- Date: December 31, 2003
- Season: 2003
- Stadium: Sun Bowl
- Location: El Paso, Texas
- Referee: Steve Shaw (SEC)
- Payout: US$1.45 million per team

United States TV coverage
- Network: CBS
- Announcers: Verne Lundquist, Todd Blackledge and Jill Arrington

= 2003 Sun Bowl =

American college football game

The 2003 Wells Fargo Sun Bowl featured the Oregon Ducks and the Minnesota Golden Gophers, a rematch of the 1999 Sun Bowl.

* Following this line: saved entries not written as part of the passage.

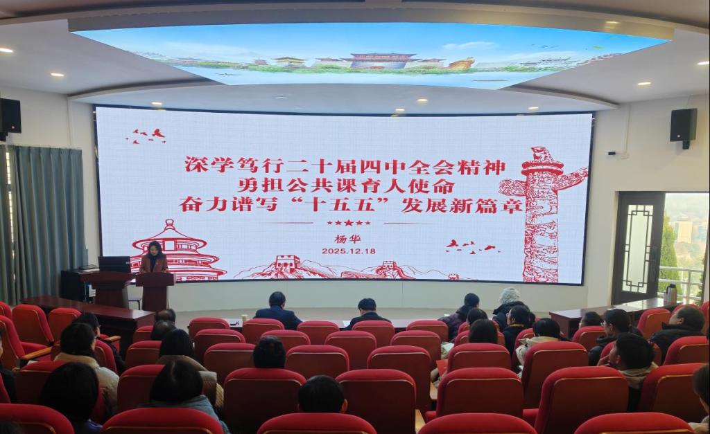12月18日,学校纪委书记杨华在明志楼二楼报告厅为公共课部全体教职工作了一场题为《深学笃行二十届四中全会精神 勇担公共课育人使命 奋力谱写“十五五”发展新篇章》的专题辅导报告,旨在推动全会精神在公共课教学、科研、党建等工作中落地见效。
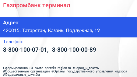 Газпромбанк, терминал по адресу 420015, Татарстан, Казань, Подлужная, 19 в дальнейшем Организация, размещена в следующих категориях:
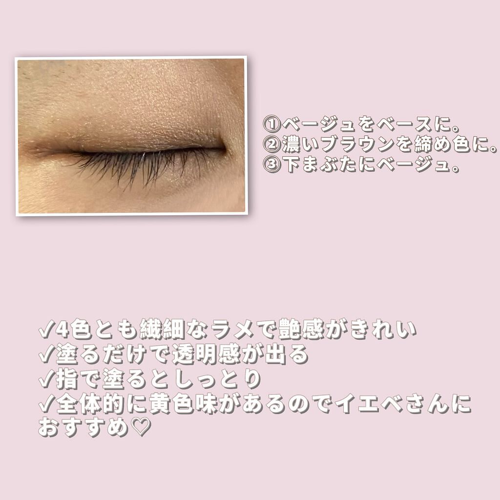 ふんわり、しっとり質感がたまんない🤤 指で塗るとその質感がわかります。 1度塗りでふんわり色づくけど、しっかり発色。2度塗りと変わりない まぶたに塗るとオレンジベージュがすっごく可愛い。まさに完熟🍑感♥(ナツメグだけど笑) ほんのりパールだから上品な目元に だからデートメイクにもおすすめ(*¨*)♡

After a scoreless first quarter, Oregon quarterback Kellen Clemens passed to wide receiver Dante Rosario for a 19-yard touchdown pass, giving Oregon an early 7–0 lead. Minnesota used its power running game to answer back, as they pounded the ball down the field, and capped off the drive with a 1-yard run by fullback Thomas Tapeh, knotting the game at 7–7. Samie Parker, who had a monster game with over 200 yards receiving, caught an 18-yarder from Clemens, putting Oregon up 14–7.

Minnesota continued to use its running game, and Tapeh rushed for his second 1-yarder of the game, again tying the game at 14. Jared Siegel's 30-yard field goal before halftime gave the Ducks a 17–14 half-time lead. In the third quarter Tapeh recorded his third rushing touchdown of the game, with a 6-yarder, giving Minnesota its first lead at 21–17.

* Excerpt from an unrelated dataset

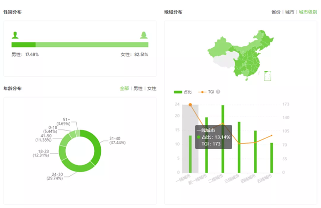 此外,一线城市消费者也表现出强消费意愿,TGI高达173,在推广时可以结合这些特征进行精准投放。

Oregon responded by Samie Parker catching his second touchdown reception of the game, a 40-yarder from Clemens, his third touchdown pass of the game, and Oregon reclaimed the lead 24–21. Lawrence Maroney rushed for a 22-yard touchdown later in the quarter giving Minnesota a 28–24 lead.

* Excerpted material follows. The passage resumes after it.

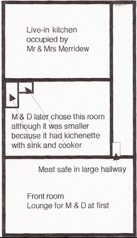 We are now quite comfortably settled in rooms with Mr and Mrs Meridew at 8, St James Terrace in Buxton. We have a bedroom on the top floor and at first we just had the front room of the house as a lounge, but when Edith and Doug moved out we asked if we could have the middle room which has a sink and a cooker, and this is a much better arrangement. The other tenant in the house is a nurse who has the other bedroom on the top floor and shares their living room with the Meridews. (We had made friends with Edith and Doug and spent time with them including, this spring, walking with them in the Goyt Valley. They are Buxton people and were on the council housing list and were lucky enough to get offered a prefab. I do envy them!)

In the fourth quarter, Jared Siegel connected on a 32-yard field goal to pull Oregon to within 28–27. His last field goal, a 47-yarder with less than 5 minutes left in the game, gave Oregon a 30–28 lead. Minnesota's kicker, Rhys Lloyd, kicked a 42-yard field goal with 23 seconds left, giving Minnesota a 31–30 win.